Neuroscience Program, Sabuncu Brain Research Center, Bilkent University, Ankara TR-06800, Turkey.
National Magnetic Resonance Research Center (UMRAM), Bilkent University, Ankara TR-06800, Turkey.
Cereb Cortex. 2021 Oct 1;31(11):4986-5005. doi: 10.1093/cercor/bhab136.
Humans are remarkably adept in listening to a desired speaker in a crowded environment, while filtering out nontarget speakers in the background. Attention is key to solving this difficult cocktail-party task, yet a detailed characterization of attentional effects on speech representations is lacking. It remains unclear across what levels of speech features and how much attentional modulation occurs in each brain area during the cocktail-party task. To address these questions, we recorded whole-brain blood-oxygen-level-dependent (BOLD) responses while subjects either passively listened to single-speaker stories, or selectively attended to a male or a female speaker in temporally overlaid stories in separate experiments. Spectral, articulatory, and semantic models of the natural stories were constructed. Intrinsic selectivity profiles were identified via voxelwise models fit to passive listening responses. Attentional modulations were then quantified based on model predictions for attended and unattended stories in the cocktail-party task.

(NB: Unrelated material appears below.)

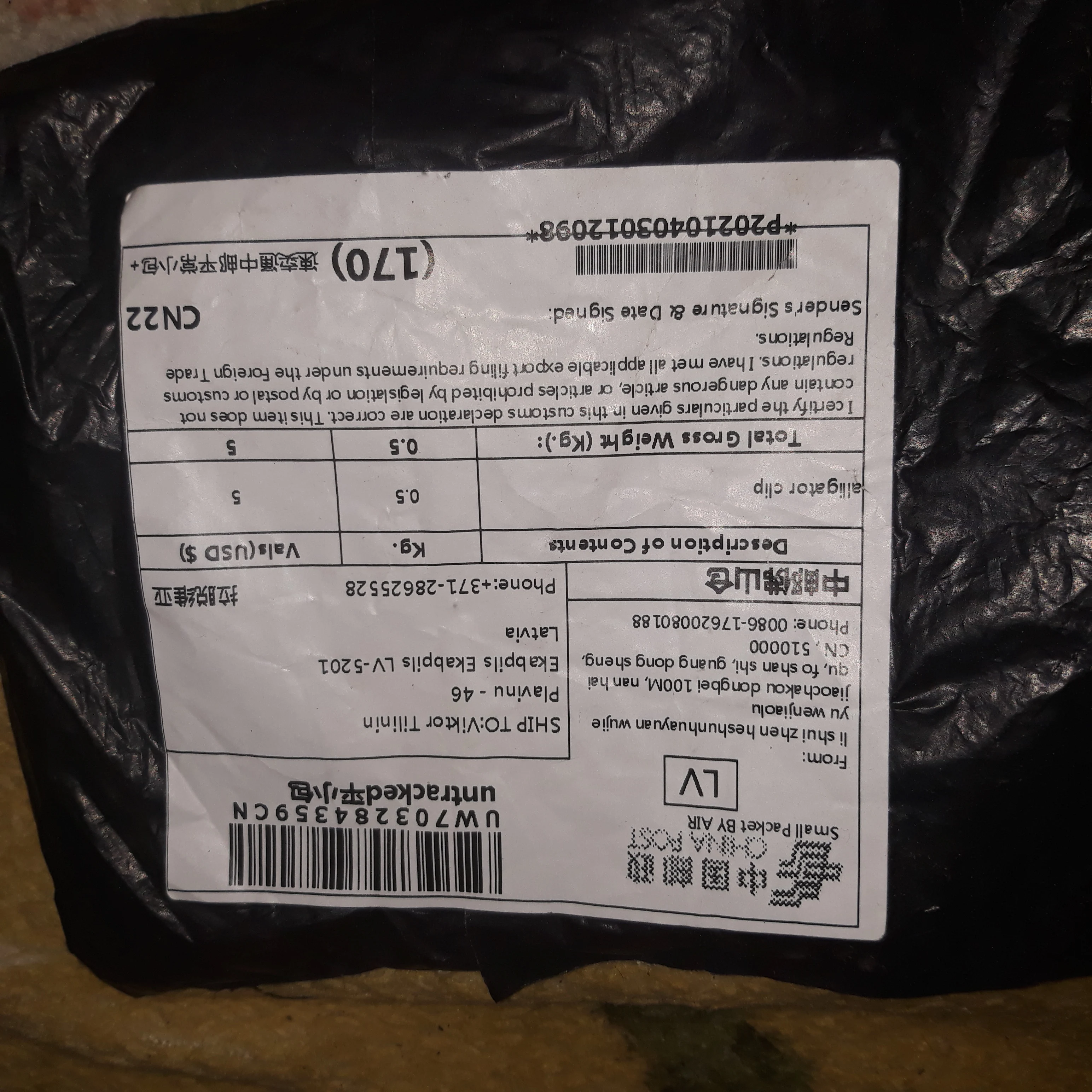 Страна: GR Color: Black 5Pcs Доставка: Yanwen Economic Air Mail 01.05.2021
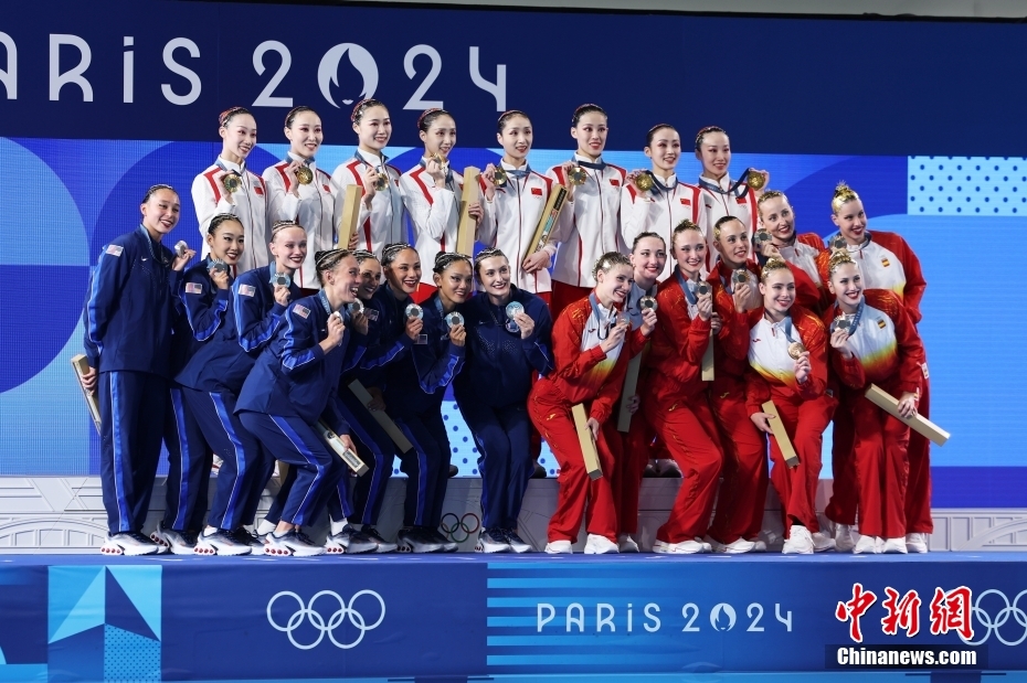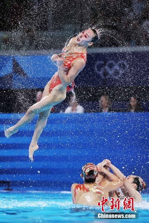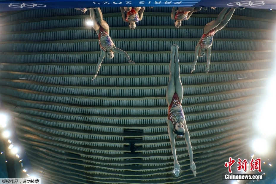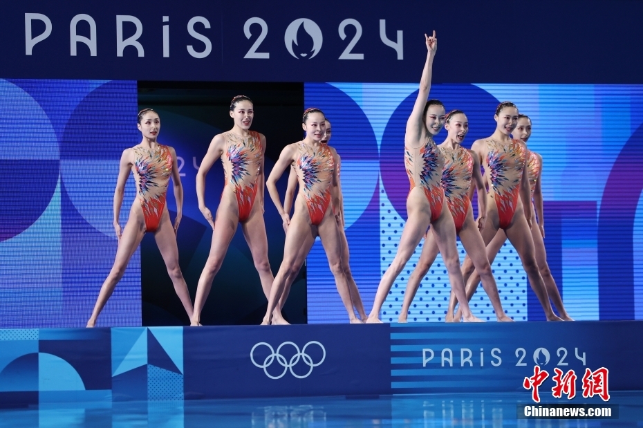 当地时间8月7日,中国队在比赛中。当日,巴黎奥运会花样游泳集体项目的最后一项比赛集体技巧自选在巴黎奥林匹克水上运动中心举行。中国队夺得花样游泳集体项目金牌。

We find that attention causes broad modulations at multiple levels of speech representations while growing stronger toward later stages of processing, and that unattended speech is represented up to the semantic level in parabelt auditory cortex. These results provide insights on attentional mechanisms that underlie the ability to selectively listen to a desired speaker in noisy multispeaker environments.

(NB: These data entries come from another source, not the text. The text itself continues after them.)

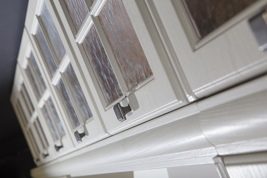 Также в модели представлен долгожданный витраж с декоративной раскладкой. Новый тип глухого фасада уникален в своем исполнении: прямоугольная фрезеровка и калевка "Katarina" с раскладкой имитирует филенку классического фасада. Важный элемент интерьера — кухонная вытяжка, бандаж которой, по желанию клиента, может быть максимально подобран под цвет фасада.
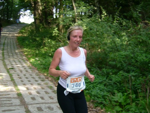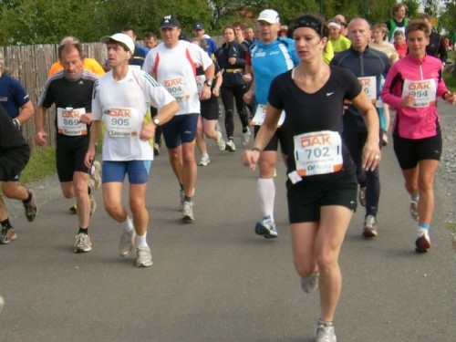 Bei einem Beton-Kolonnenweg, einer so wie früher am Eisernen Vorhang, überhole ich Katja Burkhardt aus Bucha. Für sie reicht heute der „Halbe“. Da sie einen Knopf im Ohr hat, wahrscheinlich hört sie „Highway To Hell“, muss ich mehrmals nachfragen, wie es ihr geht.
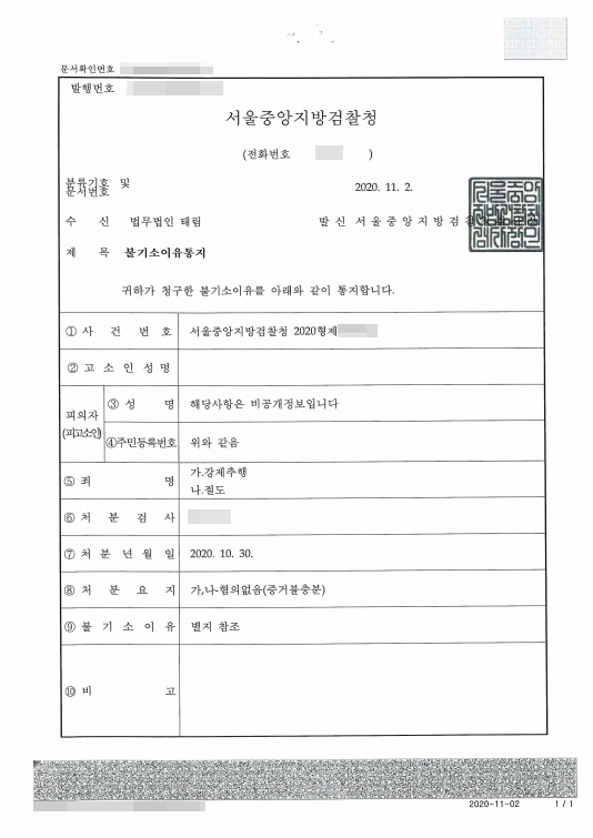 그 결과 검찰은 법무법인 태림의 변론을 모두 받아들여, 강제추행 및 절도혐의에 대해 전부 무혐의 처분을 내렸습니다.
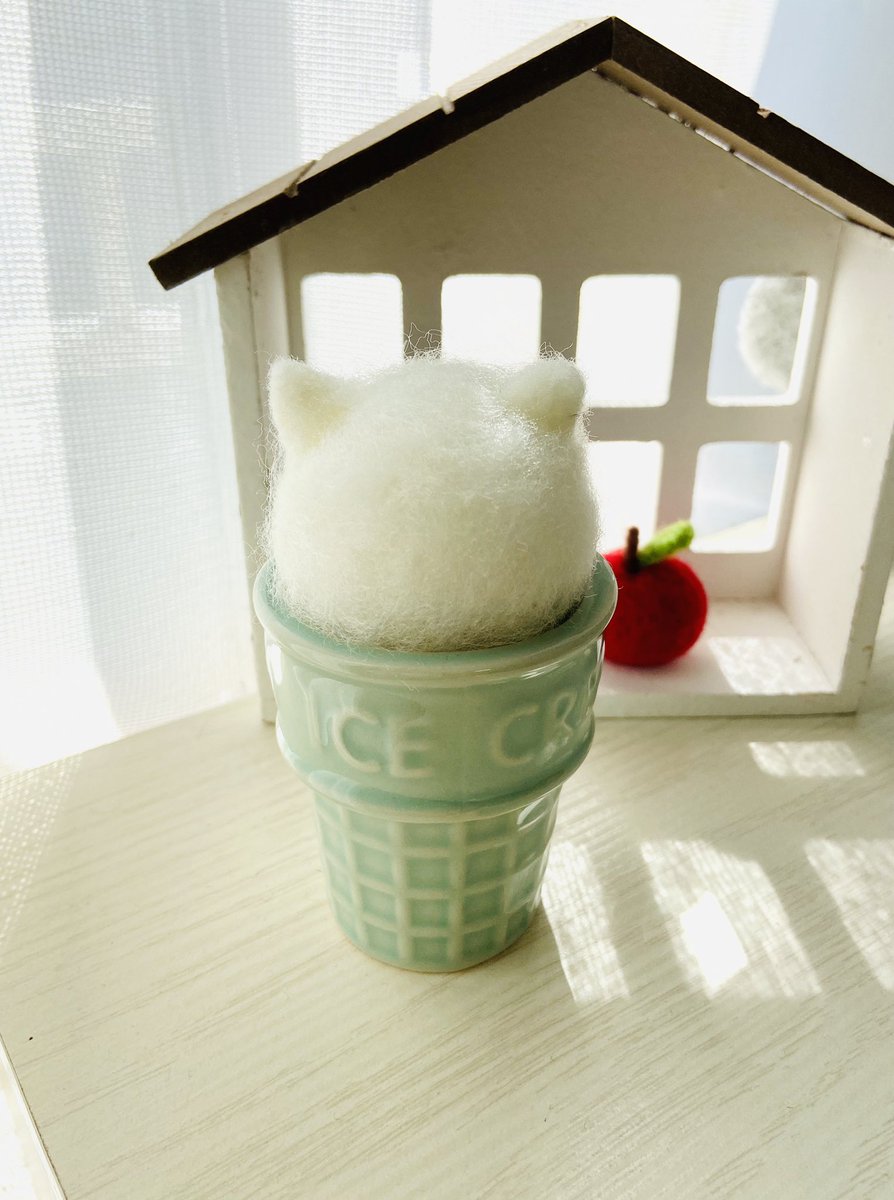 羊毛フェルト アイスクリームみたいなポメラニアン🐶🍨 #羊毛フェルト #ポメラニアン #白いポメラニアン #犬 #ぬいぐるみ #アイスクリーム

人类在嘈杂的环境中倾听目标说话者的能力非常出色,同时可以过滤背景中的非目标说话者。注意力是解决这个困难的鸡尾酒会任务的关键,但注意力对语音表示的影响的详细特征描述还很缺乏。在鸡尾酒会任务中,大脑区域在什么层次的语音特征上发生了多少注意力调制,这一点还不清楚。为了解决这些问题,我们在被试者被动地听单个说话者的故事,或者在分别的实验中选择性地注意到时间上重叠的故事中的男性或女性说话者时,记录了全脑血氧水平依赖(BOLD)反应。构建了自然故事的频谱、发音和语义模型。通过对被动聆听反应进行拟合的体素模型,确定了内在选择性轮廓。然后,根据鸡尾酒会任务中对注意和未注意故事的模型预测,量化了注意力调制。我们发现,注意力引起了多个语音表示层次的广泛调制,并且随着处理阶段的推进,调制变得越来越强,未注意的语音在副听觉皮层中一直被表示到语义水平。这些结果为选择性地在嘈杂的多说话者环境中倾听目标说话者的注意力机制提供了深入的了解。